The Idaho Health Freedom Act, which authorized the state attorney general to sue the federal government over the reforms, originated out of a committee on which Mathews sat, and has had his seal of approval all the way through the legislative process.  He said that the lawsuit currently under way, initiated by Idaho and 13 other states, is an example of checks and balances between the states and the federal government.

"We need to remember our background," said Mathews. "The states created the federal government, the federal government did not create the states."

Democrat candidate for governor, Keith Allred, proposed that Idaho drop the suit and go its own way on health care reforms, which could make the state exempt from federal regulations.  Mathews, like Gov. Butch Otter, rejected Allred's idea, saying that the proposal would still be unconstitutional in his mind.

"The huge flaw in that proposal is that there’s still a compulsion to buy," said Mathews.

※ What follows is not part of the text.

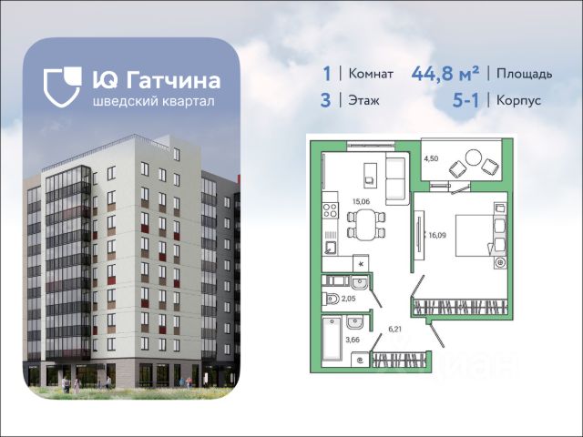 IQ Гатчина- жилой квартал комфорт -класса, в историческом пригороде Санкт-Петербурга городе Гатчина. Концепцию создания комплекса разрабатывало шведское архитектурное бюро Йоханнеса Товатта с европейским подходом к каждой детали. Транспортная доступность: 20 мин. на авто до КАД, 30 мин. до метро "Московская" и не больше часа до центра Санкт-Петербурга. В шаговой доступности от комплекса парки Гатчинского дворца, остановки общественного транспорта, а также ж/д станция "Татьянино". О проекте: комплекс имеет переменную высотность от 5-12 этажей, яркие фасады и безбарьерную среду. Места общего пользования выполнены по дизайн проекту, с современными бесшумными лифтами, колясочными и витражным остеклением. Все комнаты правильной квадратной формы, увеличенные окна с двойными стеклопакетами, высота потолков от 2,7 м2 до 3,02 м2 на последних этажах. Инфраструктура: на первых этажах комплекса работают супермаркеты, аптеки, салоны красоты и уютные кафе, прямо напротив жилого комплекса - крупный торговый центр. В квартале уже открыла свои двери современная школа на 825 мест и детский сад на 120 мест, а также в ближайшее время запланировано строительство второго детского сада. Благоустройство: квартал полностью имеет закрытые дворы, в которых каждый чувствует себя максимально безопасно, работает круглосуточное видеонаблюдение, доступ только для жителей и их гостей по системе IP домофония, концепция "дворы без машин", зеленые аллеи, ландшафтное озеленение, во дворах установлены современные игровые комплексы, спортивные площадки. Для владельцев животных предусмотрены лапамойки. Уникальный образовательный кластер: Гатчинский государственный университет (ГГУ), Государственный институт экономики, финансов, права и технологий, "Гатчинский педагогический колледж имени К.Д. Ушинского", ЧОУ "Первая академическая гимназия", МБОУ СОШ No12 "Центр образования", Детские сады No26 и No52 Первый дома комплекса уже сданы и заселены. В комплексе так же работает "Живи клуб", который объединяет жителей общими идеями и хобби. Квартира от застройщика, новостройка комфорт-класса в Гатчине.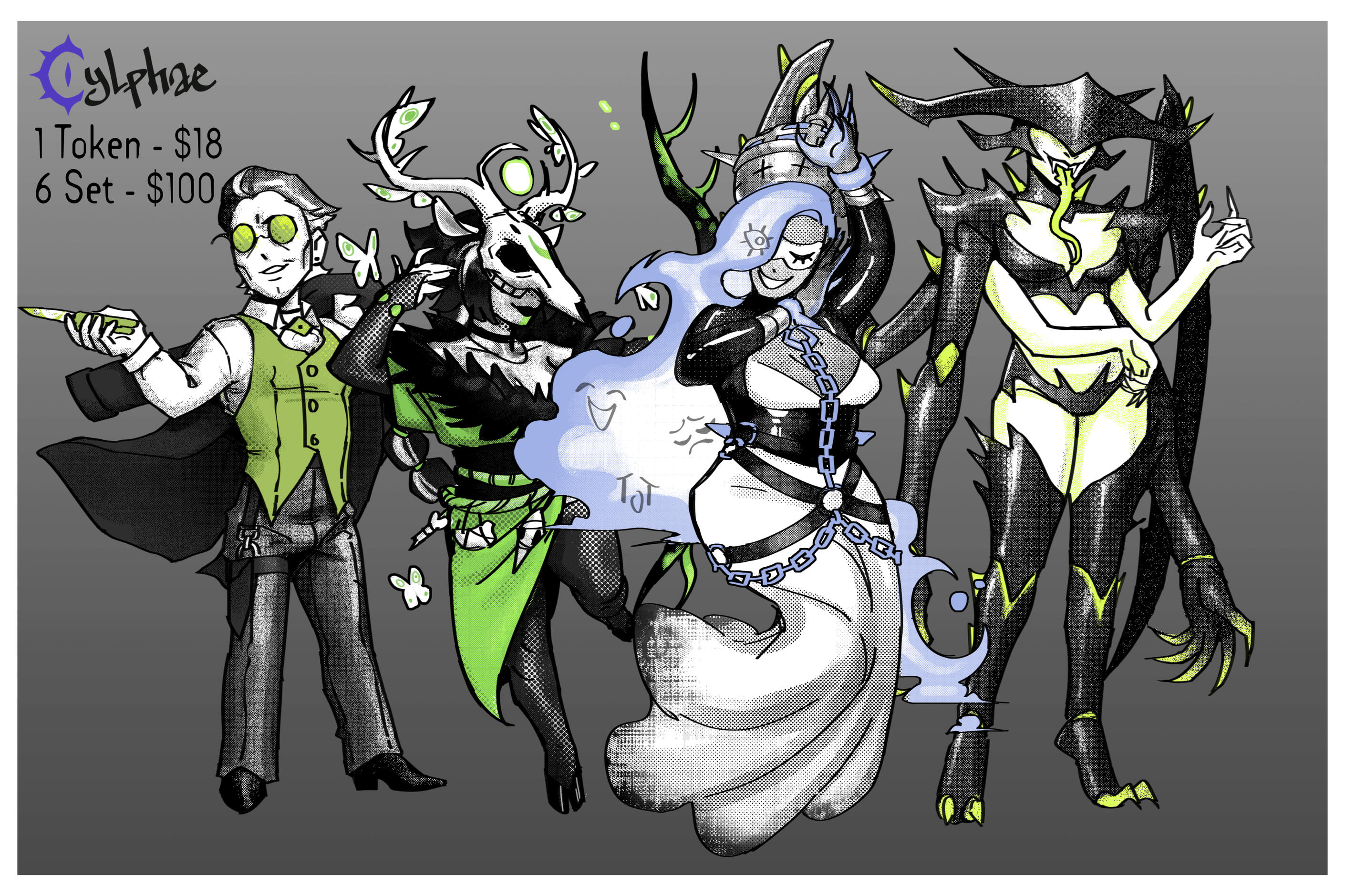 Tokens done in my version of the Maleghast artstyle.

On politics generally, Mathews said that America, and its politicians, are too divided and that conservative, liberals, and everyone else must learn to compromise and work together to accomplish the "greater good."  He said that in the state Legislature, he would collaborate with someone of different political ideologies in order to pass the best version of a bill possible.

"You can work with everybody," said Mathews.

He faces a tough fight in the four-way Republican primary, but Mathews believes he can win when voters go to the polls on May 25.  "If we get the message out, voters will see I am the true conservative voice in Idaho's 2nd District.  Chick Heilson, with the backing of much of the Tea Party crowd, has, like Mathews, become a viable challenger to Simpson's11 year reign in the eastern part of the state.  Though Mathews believes that Heilson would make a good state legislator in the future, he feels that electing Heilson, who has never served in a Legislature of any kind, is something that Idaho cannot afford.

Unlike Simpson, Mathews has endorsed a candidate in the state's other battle for Congress.  Earlier this year, Mathews signed on, with 32 other lawmakers from around the state, to endorse state Rep. Raul Labrador, R-Eagle, in his fight against Vaughn Ward for the right to face Democrat incumbent in Idaho's 1st Congressional District.  Both primaries will be decided on May 25.